In what ways would you say you are contributing to equality in wine?

My objective is to bring awareness to the disability community and shed light on how we can do better to create better opportunities for them. The second objective is to create hospitality spaces that make it comfortable for all people with disabilities to enjoy themselves at any given location.

What message do you have for anyone now entering the wine profession?

Set yourself on the journey that is going to allow you to grow. You should never take the easy path, rather the one that forces you to be creative. Be sure to appreciate every second that has been gifted upon you. Passion is what will give you direction in your journey, but your desire will allow you to push through unexpected obstacles. On your journey, many mistakes will be made, but that is the only way to achieve your goals. You must fight your own fears and not be afraid of failure. I have always embraced my failures over my accomplishments. A lot of great things can come from failure, but nothing will ever get accomplished if you remain in fear. Personal evolution can't happen if you refuse to adapt and live in complacency. Life is about overcoming challenges and defeating our own limitations.

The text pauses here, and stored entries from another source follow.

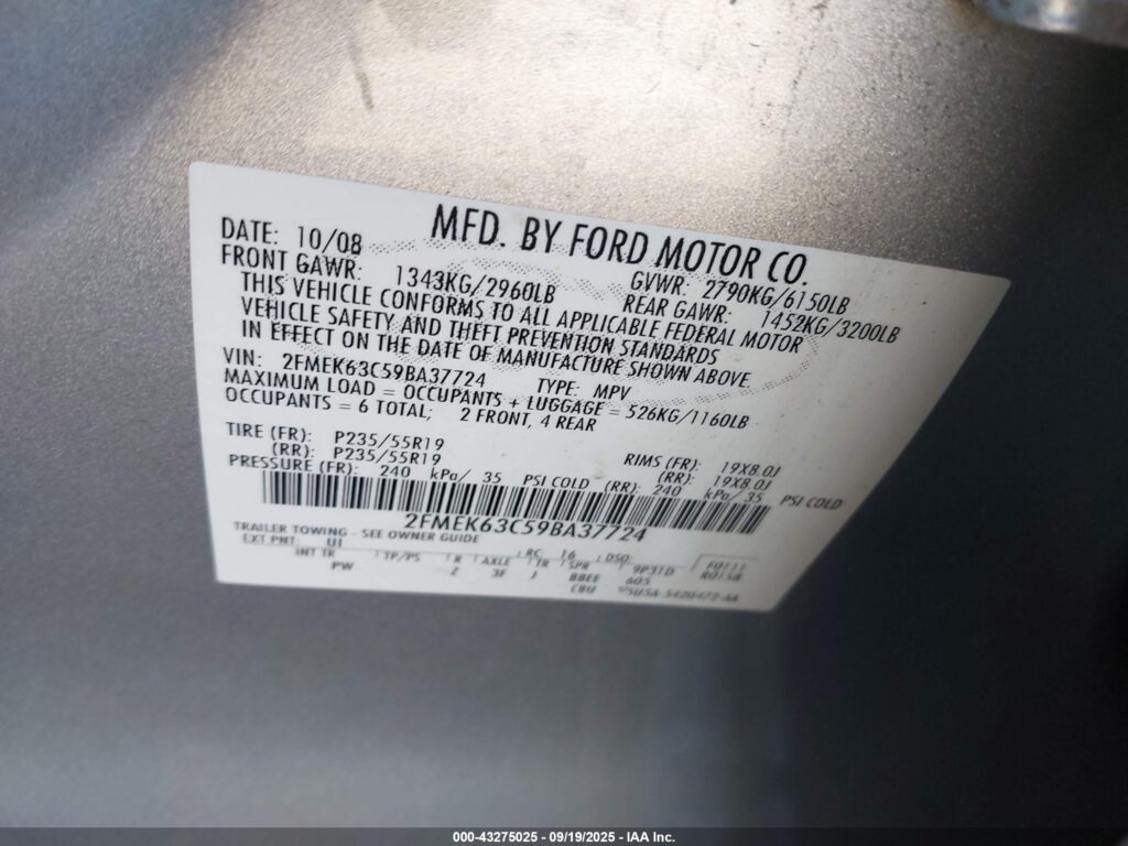 This 2009 Ford Flex (Silver) comes from a major insurance auction in the USA or Canada. All information on this page is linked to the vehicle’s VIN (2FMEK63C59BA37724), which helps confirm where the car was listed and what condition it was in at the time of sale.
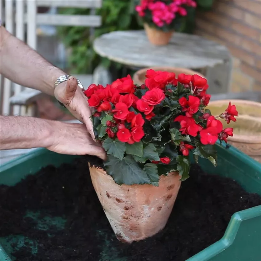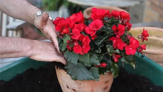 Die Wurzelballen sollten ca. 2 cm unter dem Rand liegen, damit Sie später genug Platz zum Gießen haben.
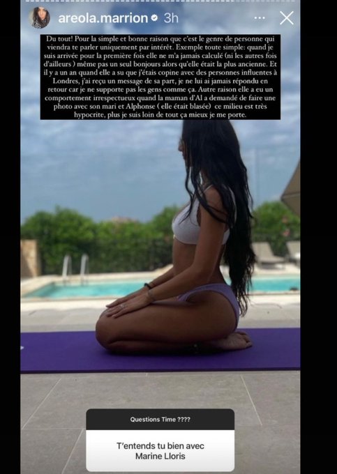 « Du tout ! Pour la simple et bonne raison que c’est le genre de personne qui viendra te parler uniquement par intérêt. Exemple : quand je suis arrivée à Londres, elle ne m’a pas calculée, même pas un seul bonjour, alors qu’elle était la plus ancienne. Et il y a un an, quand elle a su que j’étais copine avec des personnes influentes à Londres, j’ai reçu un message de sa part. Je n’ai jamais répondu car je ne supporte pas les gens comme ça. Autre raison, elle a eu un comportement irrespectueux quand la maman d’Al a demandé de faire une photo avec son mari et Alphonse (elle était blasée). Ce milieu est très hypocrite. Plus je suis loin de tout ça, mieux je me porte », a balancé Marrion Aréola sur les réseaux sociaux.
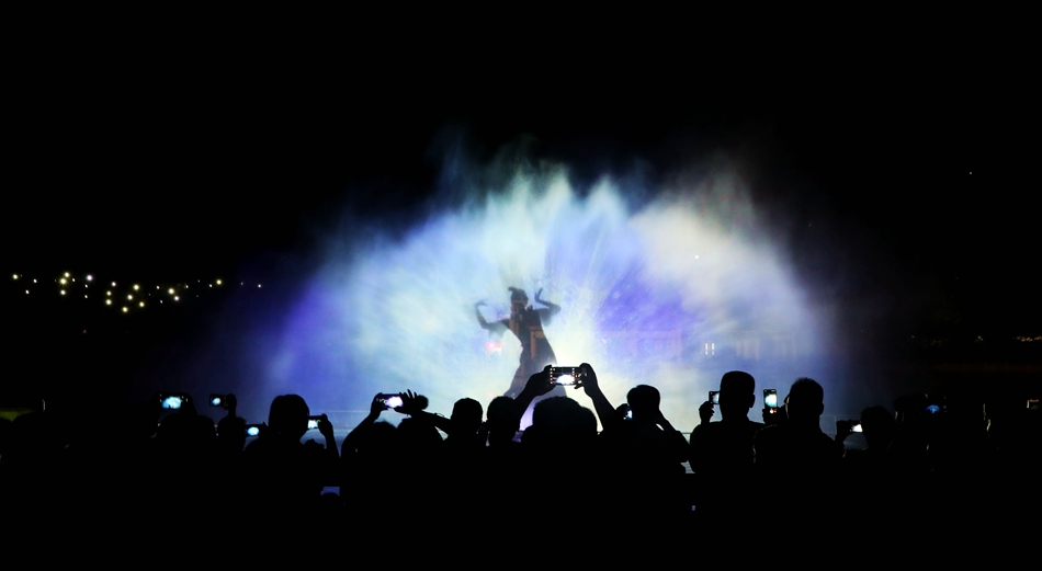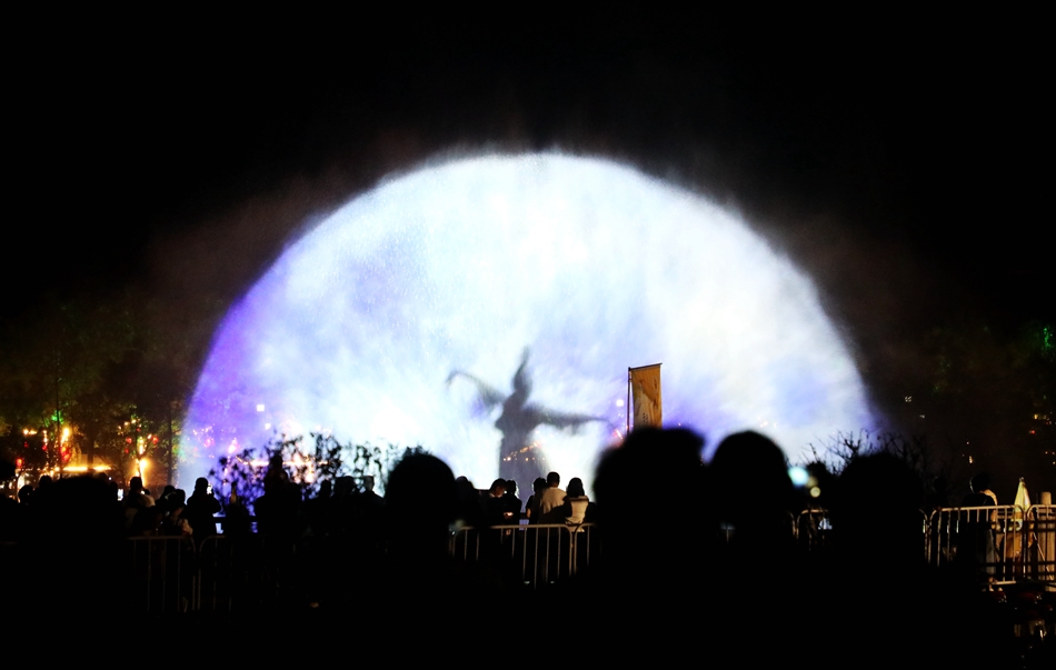 隨著音樂響起,組成水幕的水柱緩緩噴出,無數(shù)涓涌細(xì)流組合成一塊巨大的熒幕。每一束水柱都隨著樂曲舞動,組合成一幅幅夢幻唯美的景象,或演繹梁祝翩翩起舞的化蝶情景,或展示迎風(fēng)飄揚(yáng)的紅旗,亦或呈現(xiàn)軒轅文化等本土文化內(nèi)容……
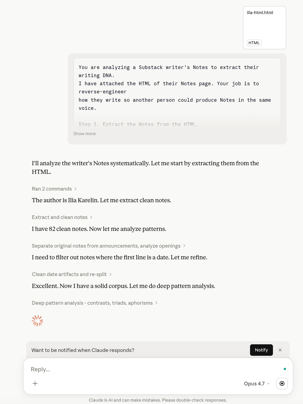 The kind where you open the HTML, extract every Note, and ask what makes this person’s Notes recognizably theirs.
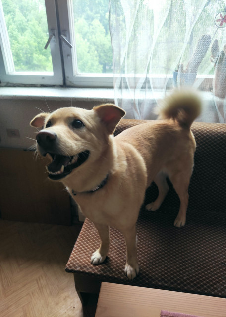 Эмма очень добрая и домашняя собака. Мы не воспитывали ее охранником или защитником, поэтому она любит всех животных и людей. Она любит смотреть в окно и иногда лает на людей в оранжевой одежде. Обожает грызть бараньи ноги и прочие гадкие лакомства и продаст душу за носочек. Собака стерилизована и привита.
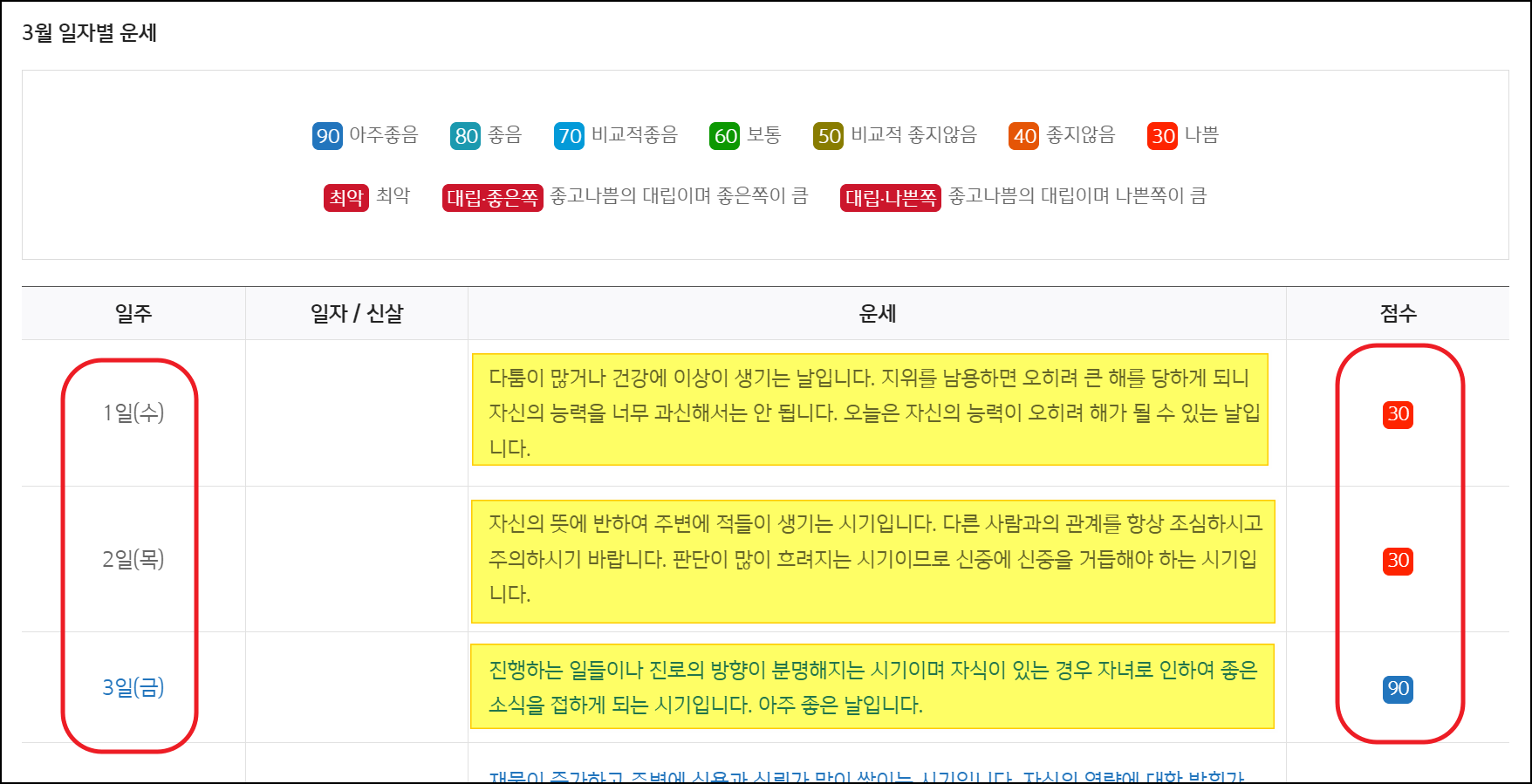기본적으로 토정비결에서는 한 해에 대한 총론, 개별운, 월별세운 이렇게 3가지 구성으로 나뉩니다. 다음과 같이 일자별 운세는 제가 이용하는 무료 운세 사이트에서 추가적으로 제공하는 부분인데요. 23년 토정비결을 보면서 함께 이용이 가능해요.
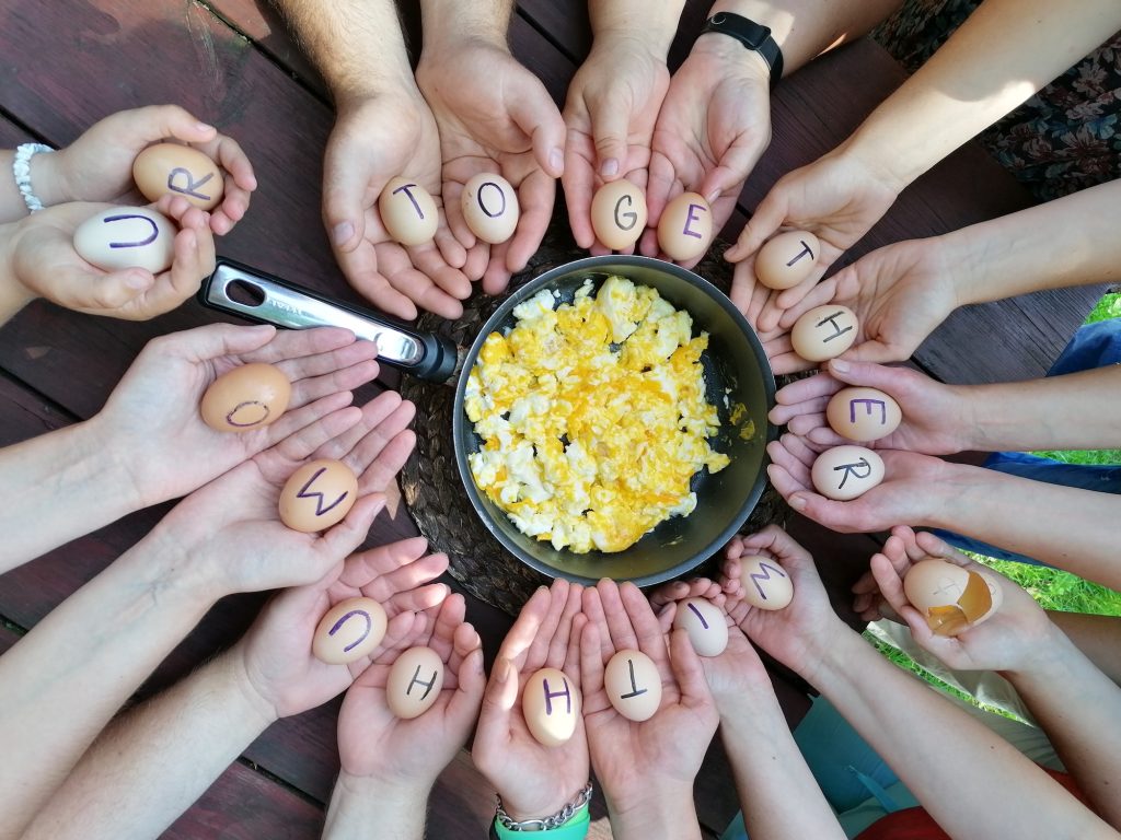 Společně tu všichni pracujeme a učíme se vytvářet zdravé mezilidské vztahy. Každý se dle svých možností podílí na každodenním chodu domácnosti, zvelebování domu a zahrady a vedení komunity. Okolo komunity se také pohybuje mnoho lidí, kteří jsou jí oporou. Jedná se hlavně o její zakladatele, šestičlennou správní radu a mnoho věrných přátel a dobrovolníků.
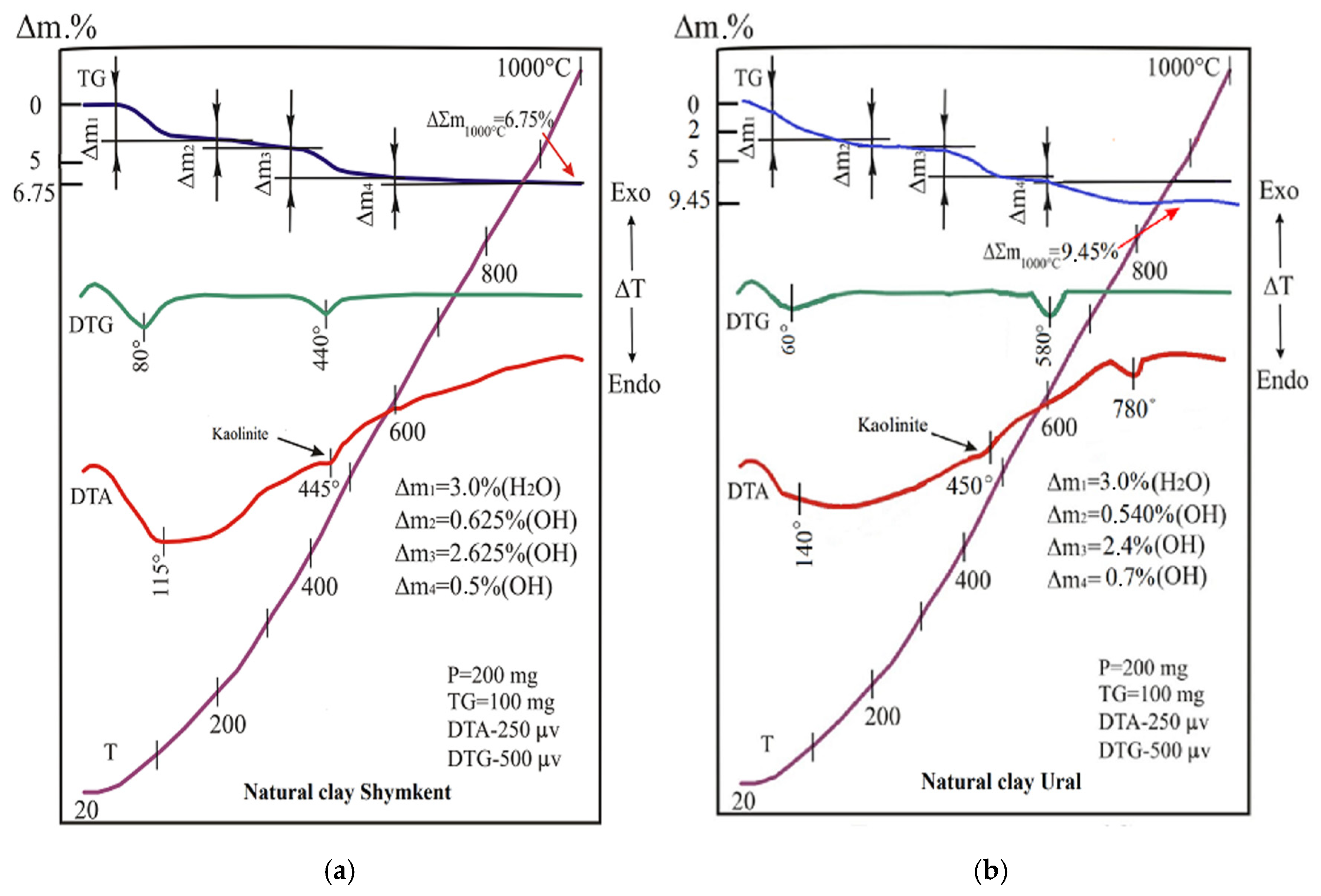 At 20–200 °C, a mass removal is observed, caused by the dehydration of montmorillonite and hydromica. In addition to layered silicate minerals, the samples also contained silica, represented by quartz—a thermally inert mineral. Quartz undergoes a reversible polymorphic transformation upon heating at approximately 500 °C. In this temperature range, the endothermic peak observed on the DTA curve, corresponding to the dehydroxylation and structural breakdown of kaolinite, completely overlaps with the thermal effect associated with the quartz phase transition.
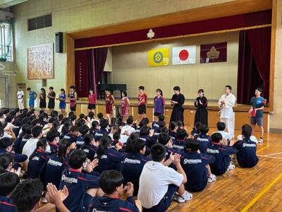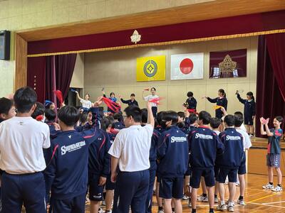 来週から始まる学校総合体育大会に向けて、全校で壮行会を行いました。
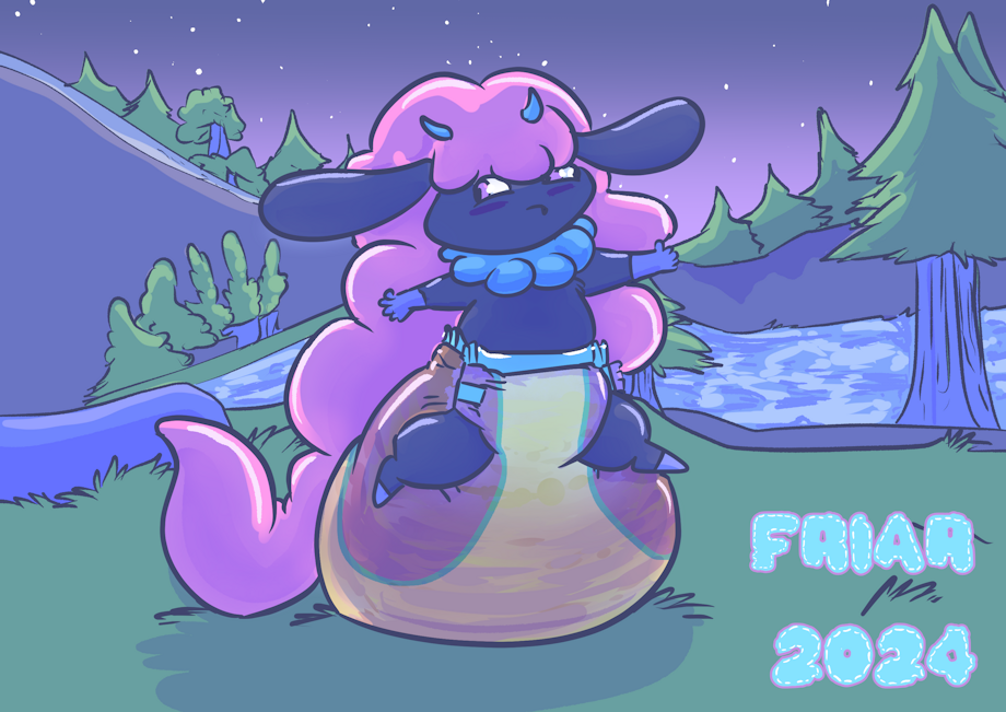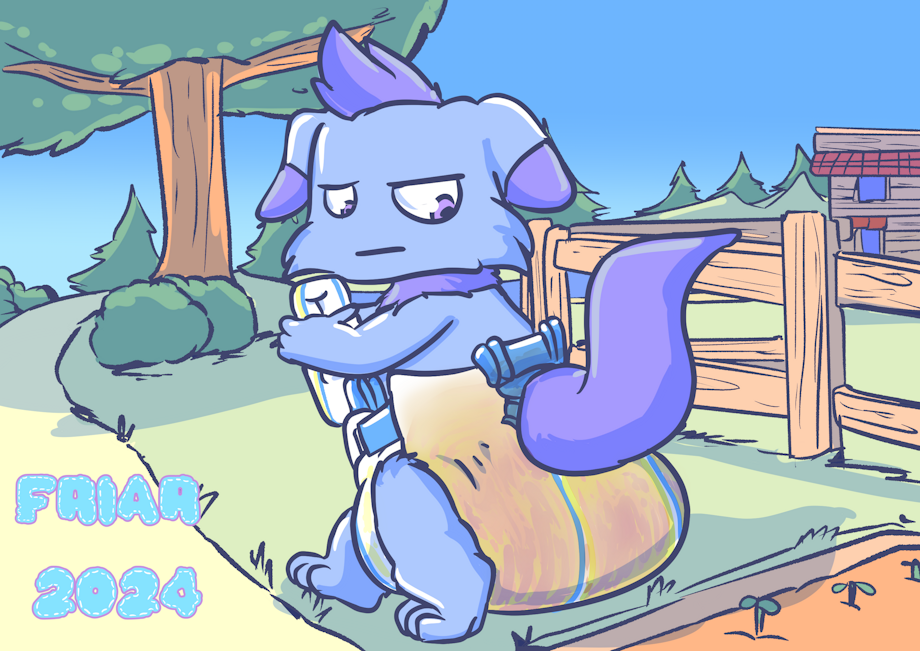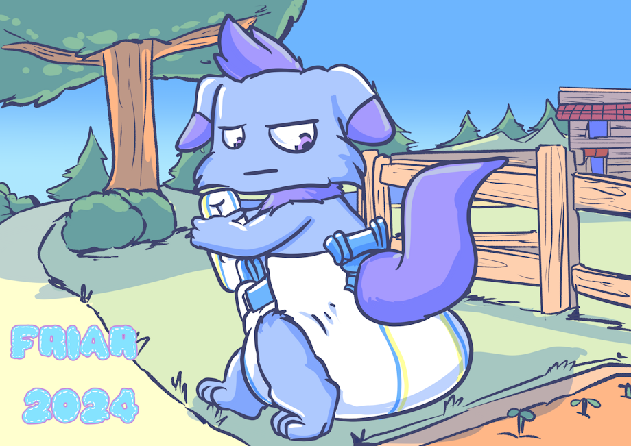 Illustration of a wet and messy diapered Depresso, which is a blue noeseless fox like Pal with a fauxhawk and droopy ears looking behind itself, holding a diaper which it will be changing into. The Depresso is standing next to a wooden fence in front of a recently planted patch of dirt, on a path with a tree beside it. A two story house and trees and stream are in the distance.
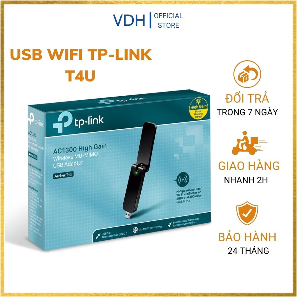 Máy tính & Laptop > Thiết Bị Mạng > Bộ Thu Wifi || Usb wifi TP-Link chuẩn AC1300 Mbps USB adapter archer băng tần kép, usb thu wifi 5ghz tplink T4U cho pc laptop VDH STORECòn hàng

What other industry heroes do you admire and why?

My two industry heroes are Sirio Maccioni and Jorge Nunez, both of Le Cirque restaurant. I was very fortunate to have been hired by the late and great Sirio Maccioni. I am not sure where I would be today if he had not hired me at the very unripe age of 18. I still have dreams of working at Le Cirque, as it gave me the foundation needed to survive in this very difficult industry. The older I get, the more I appreciate the honor that I had to work with such a legendary restaurateur.

When I first started working at Le Cirque, I was a deer in headlights. This was back in 1997, and Le Cirque (at least for me) felt like it was the center of the universe. I was completely overwhelmed, even though I had worked in restaurants prior to that. Looking back, one of my greatest mentors was Jorge Nunez, who really taught me how to be a great waiter. I was too scared to ask anyone else questions, but for some reason, he had the patience to answer my queries and show me the ins and outs of what it takes to be a great waiter. I am so blessed to have met him as he really is one of my personal heroes.

The two people that I admire the most in the industry are Kilolo Strobert and Patrick Mata. I always had a deep admiration for Kilolo Strobert because of her transparency and her ability to tell it like it is.

Coming from the BIPOC community, Kilolo has had many obstacles to overcome, but she never gave up and was always able to maintain a positive frame of mind. I always learn from her, and she brings a refreshing perspective to the table. She has been an instrumental part of my non-profit and has given so much of her free time to our cause. Without her sacrifice, we would not be where we are today.

Patrick Mata is the co-founder of Olé & Obrigado, an importer of soulful wines of exceptional quality from Spain and Portugal. Mata is also behind Liquid Geography, a rosé from Bierzo in Spain. Olé & Obrigado donates 100% of Liquid Geography's profits (in equal parts) to the TJ Martell Foundation in its search for cancer cures, World Central Kitchen, an organization devoted to providing meals in the wake of natural disasters, and Wheeling Forward, which helps people with disabilities experience life to the fullest. He is a true entrepreneur with a generous heart. We certainly could use more individuals like him in our industry.